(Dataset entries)
::::::

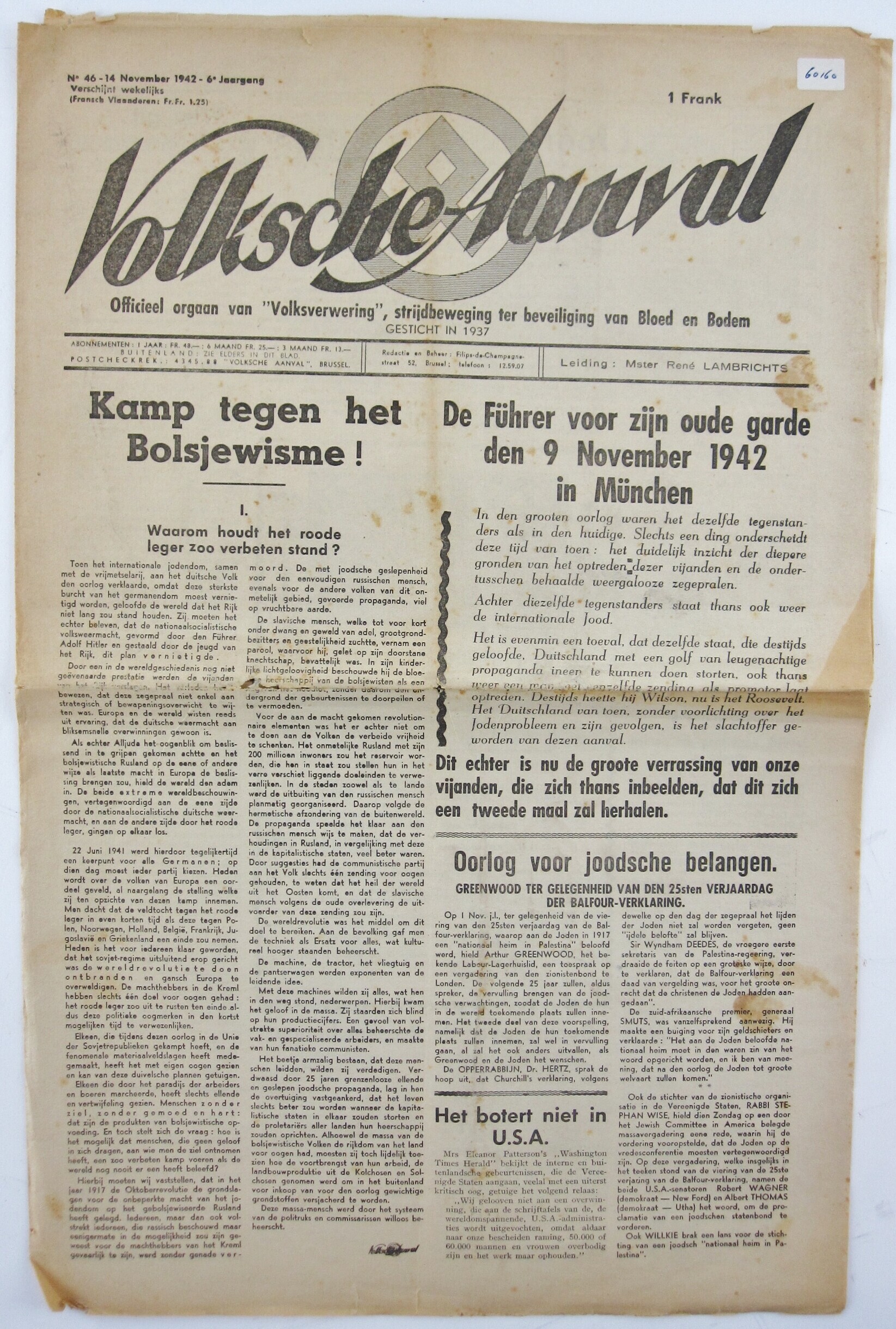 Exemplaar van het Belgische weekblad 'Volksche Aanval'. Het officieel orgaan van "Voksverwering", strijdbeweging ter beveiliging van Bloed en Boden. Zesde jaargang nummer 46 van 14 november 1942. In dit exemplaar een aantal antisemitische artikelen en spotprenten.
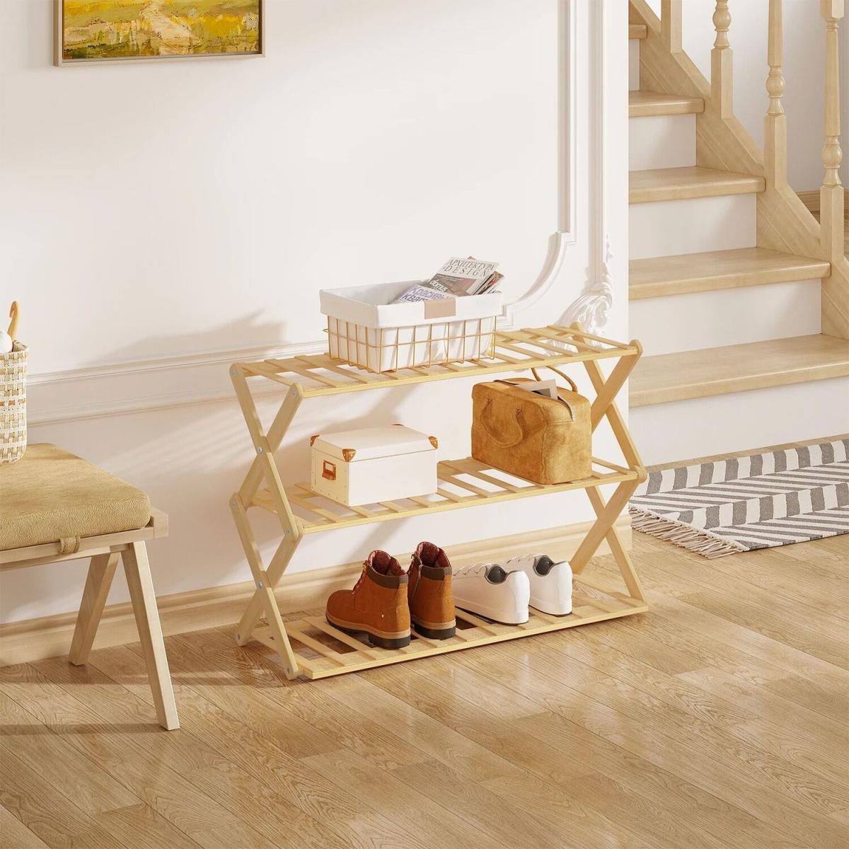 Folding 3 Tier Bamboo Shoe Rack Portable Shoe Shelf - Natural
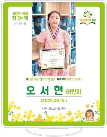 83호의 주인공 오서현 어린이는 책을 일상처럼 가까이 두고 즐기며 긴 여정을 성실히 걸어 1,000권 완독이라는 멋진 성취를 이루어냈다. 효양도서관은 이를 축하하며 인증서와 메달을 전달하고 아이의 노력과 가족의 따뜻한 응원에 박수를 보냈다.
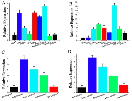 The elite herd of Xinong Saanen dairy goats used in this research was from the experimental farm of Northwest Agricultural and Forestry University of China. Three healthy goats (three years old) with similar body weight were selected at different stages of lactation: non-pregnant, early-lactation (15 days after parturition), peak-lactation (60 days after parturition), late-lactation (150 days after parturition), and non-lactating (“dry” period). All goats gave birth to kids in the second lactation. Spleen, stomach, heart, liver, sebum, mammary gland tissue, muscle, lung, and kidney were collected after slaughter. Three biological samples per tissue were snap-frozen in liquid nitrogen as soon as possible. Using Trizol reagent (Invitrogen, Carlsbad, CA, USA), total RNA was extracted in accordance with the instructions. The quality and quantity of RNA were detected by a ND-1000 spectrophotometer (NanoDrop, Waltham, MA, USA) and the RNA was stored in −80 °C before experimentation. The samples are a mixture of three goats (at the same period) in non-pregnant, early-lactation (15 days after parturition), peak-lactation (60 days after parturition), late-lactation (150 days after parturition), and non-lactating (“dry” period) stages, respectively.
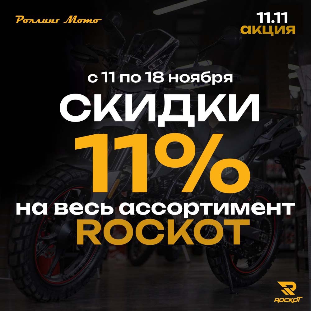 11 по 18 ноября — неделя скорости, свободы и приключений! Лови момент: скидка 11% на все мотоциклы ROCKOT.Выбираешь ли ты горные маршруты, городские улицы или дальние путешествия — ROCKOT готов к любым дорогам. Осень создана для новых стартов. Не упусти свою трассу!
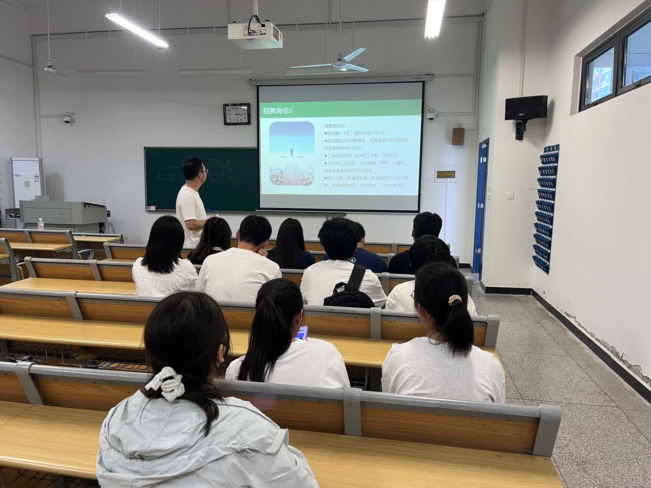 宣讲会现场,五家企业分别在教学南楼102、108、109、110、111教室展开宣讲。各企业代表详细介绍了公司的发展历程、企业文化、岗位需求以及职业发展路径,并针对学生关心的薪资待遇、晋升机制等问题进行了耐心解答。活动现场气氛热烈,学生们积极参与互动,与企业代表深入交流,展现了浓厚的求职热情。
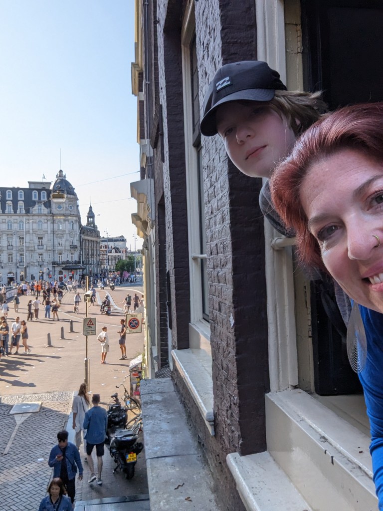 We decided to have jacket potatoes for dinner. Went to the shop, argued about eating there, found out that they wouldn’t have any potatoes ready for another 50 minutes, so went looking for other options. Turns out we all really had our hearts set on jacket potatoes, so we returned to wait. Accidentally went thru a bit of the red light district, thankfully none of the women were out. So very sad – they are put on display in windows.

::::::

PROBLEM TO SOLVE →
Give back exactly the lines from the first line of the data through the line with "83호의 주인공 오서현", pictures excluded.

SOLUTION TO THIS EXERCISE →
 Exemplaar van het Belgische weekblad 'Volksche Aanval'. Het officieel orgaan van "Voksverwering", strijdbeweging ter beveiliging van Bloed en Boden. Zesde jaargang nummer 46 van 14 november 1942. In dit exemplaar een aantal antisemitische artikelen en spotprenten.
 Folding 3 Tier Bamboo Shoe Rack Portable Shoe Shelf - Natural
 83호의 주인공 오서현 어린이는 책을 일상처럼 가까이 두고 즐기며 긴 여정을 성실히 걸어 1,000권 완독이라는 멋진 성취를 이루어냈다. 효양도서관은 이를 축하하며 인증서와 메달을 전달하고 아이의 노력과 가족의 따뜻한 응원에 박수를 보냈다.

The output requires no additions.